Starch synthesis and its manipulation

Starch is a hugely important substance, both to plants and to humans. For plants, it is a compact form in which excess sugars produced during photosynthesis can be stored for later use. For humans, it is a vital component of our diet, and an important commercial product. The UK alone consumes approximately 880,000 tonnes of starch annually, three-quarters of which is eaten, while the rest is destined for industry. Starch and its derivatives are already widely employed in the manufacture of paper, textiles and adhesives, and due to their biodegradable and renewable nature they are increasingly being considered as an environmentally-friendly alternative to the use of synthetic additives in many other products, including plastics, detergents, pharmaceutical tablets, pesticides, cosmetics and even oil-drilling fluids.

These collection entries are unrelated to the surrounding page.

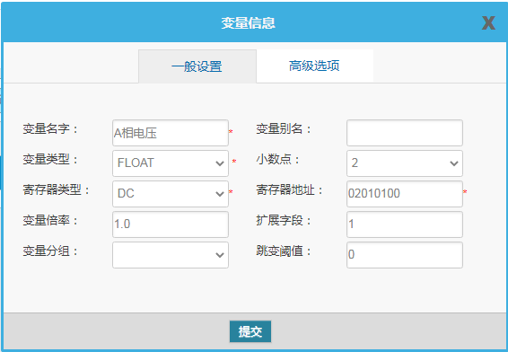 變量配置主要是定義變量名(自定義內(nèi)容,不可使用中文命名)、變量別名(自定義,可使用中文名字)、寄存器類型和寄存器偏移地址(請查閱對應(yīng)支持的數(shù)據(jù)標(biāo)識),并定義一些數(shù)據(jù)規(guī)則(如:倍率、小數(shù)點、單位、告警)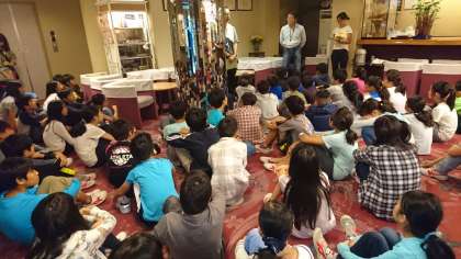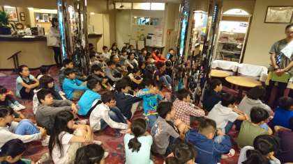 昨日から雨が降っています。室内で朝会を行いました。(8月2日 6時10分)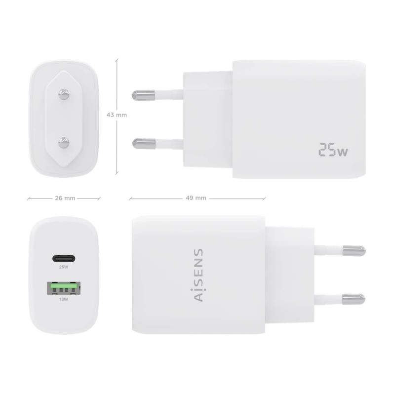 AISENS Cargador 25W, 1xUSB-C PD3.0, 1xUSB-A QC3.0, Blanco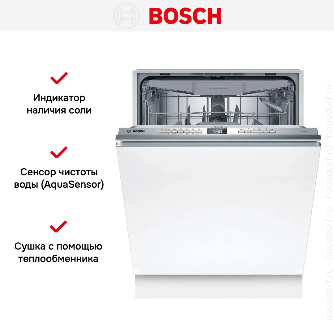 Встраиваемая посудомоечная машина Bosch SMV4HVX02E — это отличное решение для тех, кто ценит максимальную интеграцию техники в кухонный гарнитур. Полностью встраиваемая конструкция скрывает корпус за фасадом. Габариты и возможность регулировки по высоте обеспечивают точную подгонку под нишу 81.5-87.5 × 60 × 55 см. Жесткое крепление фасада надежно фиксирует дверь, сохраняет аккуратный внешний вид и предотвращает провисание при интенсивной эксплуатации.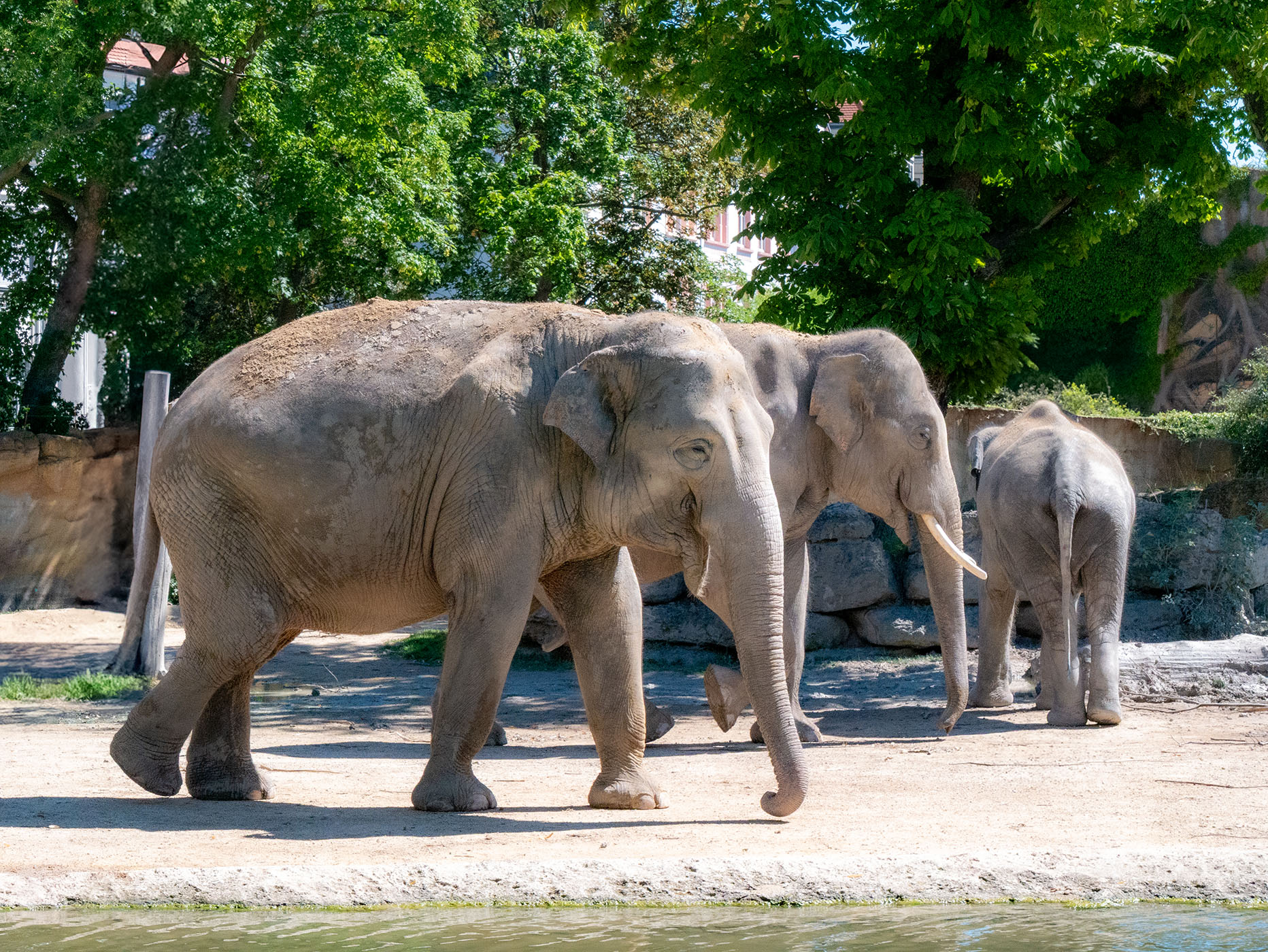In der Tempelanlage ´Ganesha Mandir´ mit einem verglasten Badebecken und weitläufigen Außengehegen, können die asiatischen Elefanten beobachtet werden. Wer aufmerksam durch den asiatischen Teil des Zoos wandert, wird zahlreiche Skulpturen finden. Es lohnt sich, auch mal abseits der Gehege genauer hinzusehen.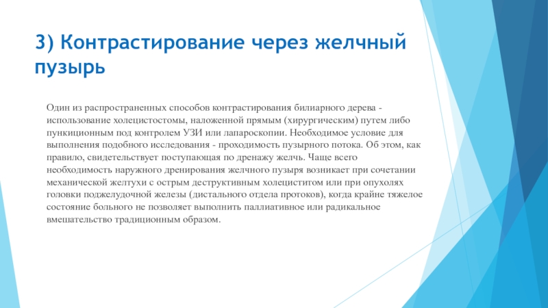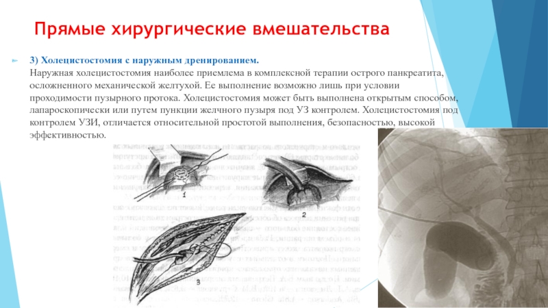 возможно лишь при условии проходимости пузырного протока. Холецистостомия может быть выполнена открытым способом, лапароскопически или путем пункции желчного пузыря под УЗ контролем. Холецистостомия под контролем УЗИ, отличается относительной простотой выполнения, безопасностью, высокой эффективностью.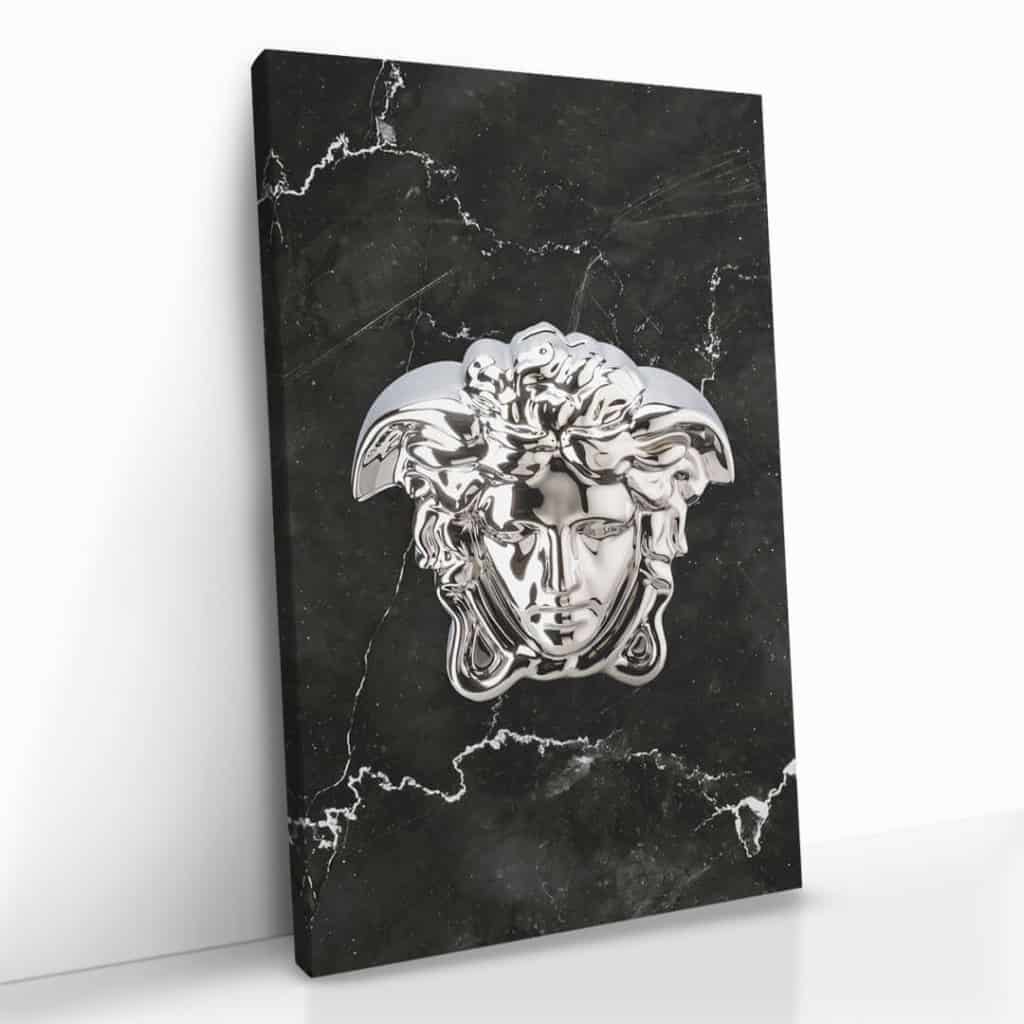 Medusa is een monsterlijke chtonische figuur uit de Griekse mythologie. Ze had een bijzondere schoonheid maar woonde helaas in een land waar de zon nooit scheen. Toch vormt het gezicht van deze bijzondere dame een prachtige foto voor in je interieur! Door de mooie donkere marmeren achtergrond in combinatie met de zilveren Medusa creëert het een luxe uitstraling die perfect is voor in een modern interieur.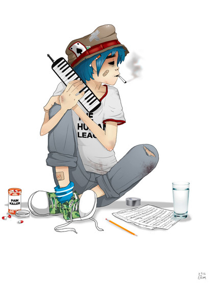 Anyway. 2D, hard at work on a song. How long has he been sitting there, plinking keys and writing out scribbly notes? He'll probably keep sitting there until he gets it just right-- or until he passes out on the floor. You know, whichever happens first.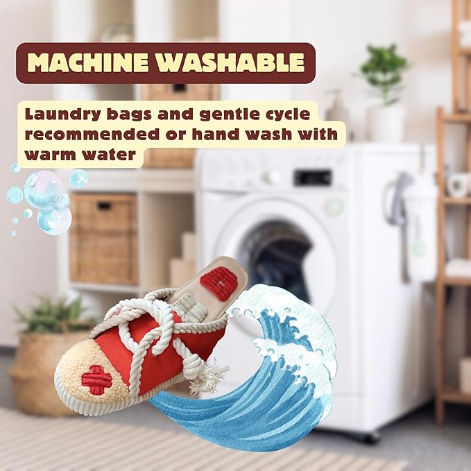 - 🛁 Easy to Clean & Pet-Safe – Our dog chew toy is machine washable, making it easy to keep fresh and clean after playtime. Like any plush dog toy, it is not indestructible, so we recommend supervised play for aggressive chewers.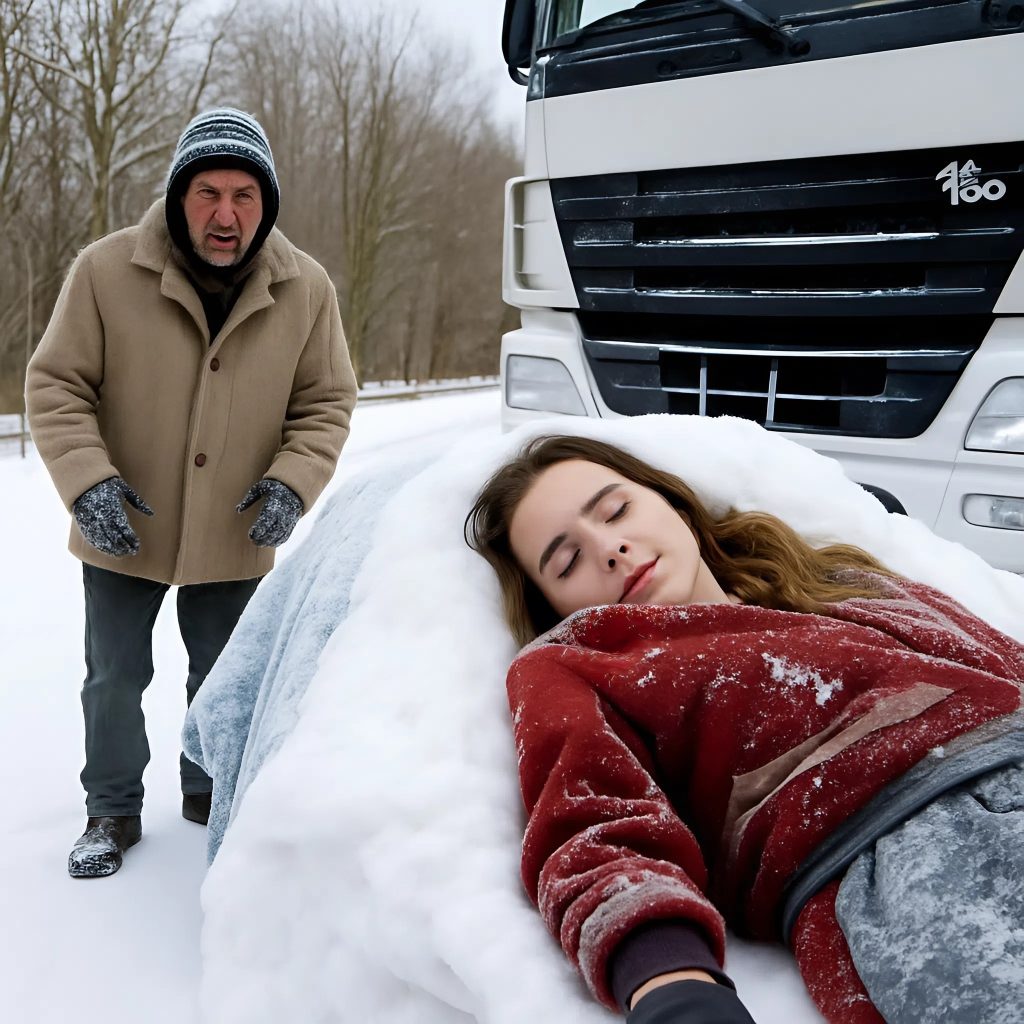 Zabrzdil kamion a vystoupil do mrazu. Tam, zavátá sněhem, ležela mladá žena. Modré rty, obličej bledý jako smrt, oblečená lehce — zcela nevhodně pro tuto zimu.

Annual starch consumption in the UK (1993/94)

All of this starch is derived from the grains and tubers of plants; in the UK, the main sources are maize, wheat and potato. Genetic manipulation of these plants has the potential to revolutionise the production of starch, increasing the yield of food crops, or allowing the manufacture of starches whose physical and chemical properties are tailored to meet specific industrial needs. In this essay, I will examine the progress that science has made towards understanding the biochemical processes by which plants synthesise starch, and manipulating these processes for the benefit of mankind.

 

The structure and synthesis of starch

Starch, a complex carbohydrate, is a polymer of glucose molecules. It occurs in two main forms: amylose, consisting of predominantly linear chains of glucose monomers linked by 1,4-glycosidic bonds, and amylopectin, in which the chains are branched by the addition of 1,6-glycosidic bonds. Amylose comprises between 11 and 37% of the starch found in plants (depending upon the species and the site of storage); the rest is amylopectin.

The synthesis of starch in plant cells begins with the enzyme ADP-glucose pyrophosphorylase (AGPase), which catalyses the reaction of glucose-1-phosphate with ATP to form ADP-glucose (liberating pyrophosphate). The ADP-glucose is then used a substrate by starch synthase enzymes, which add glucose units to the end of a growing polymer chain to build up a starch molecule (releasing the ADP in the process). Branches in the chain are introduced by starch branching enzymes (SBEs), which hydrolyse 1,4-glycosidic bonds, and in their place, create 1,6 bonds with other glucose units.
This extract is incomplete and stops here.